If you put PersonID on your sheet and then drag a measure to display, Tableau does SUM([that measure]) by default. So if you have multiple rows for that PersonID, you'll get a sum of the values for that measure for that person.
Sometimes you want this. Sometimes not. If the values in the rows for that multi-row PersonID are all the same and you only want one "count" of it, you can change the aggregation to AVG([that measure]) or MIN or MAX.
And if you are counting PersonIDs. you can use the COUNTD function rather tan COUNT. The "D" stands for DISTINCT, and will give a count of 1 for multiple occurrences of the item you are counting.
Thank you for your answer.
indeed, when the data is numerical, that's the way to go. Forgot to add we are using dates a lot to keep track of in- and outflow of patients - and this is where problems start.
For example, if a date of completion of a health review does show in one entry but does not in the other, when compiling waiting lists, we end up over-counting. I am not sure if this gives you an idea of the range of possible problems, but combined with commonplace redefining events, with deep data cleansing and with tight deadlines, it boils down to quite a variety of errors.
An obvious solution to the above example of over-counting is to list cases rather than to aggregate them, and to cross-check the outputs.
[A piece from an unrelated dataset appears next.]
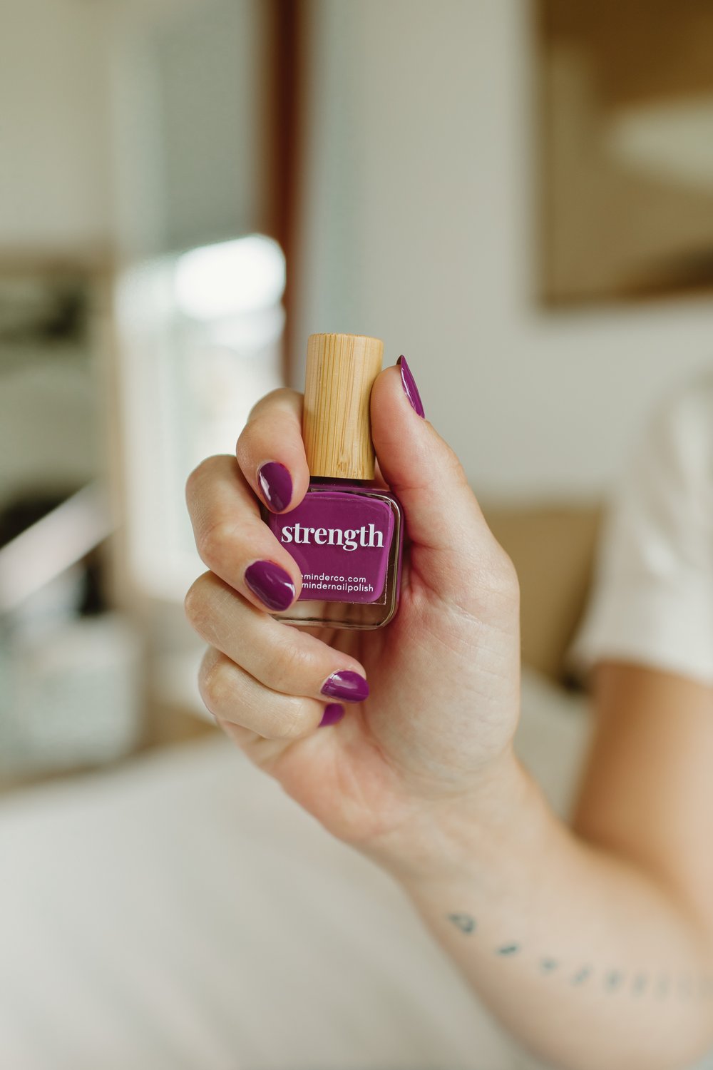 every polish comes with a "reminder card" that ties in with the polish name, and has a QR code that takes you to a devotional and curated worship playlist to match your reminder - take a little time away for just yourself and Jesus, read the short devotional and then paint your nails while you listen to the worship playlist, letting your nails be a reminder throughout your week!

At the end of the day, you also need to keep special lists to be joined, and to remember the names just in case.
Far from the chance to make full use of tableau and how it automates data handling, let alone producing consistent packs for the national data warehouse.
Naturally, we are working hard at many levels to get this rectified, however, until we have succeeded, which is probably still a matter of months, I would greatly appreciate some tips on how to tame such a data set.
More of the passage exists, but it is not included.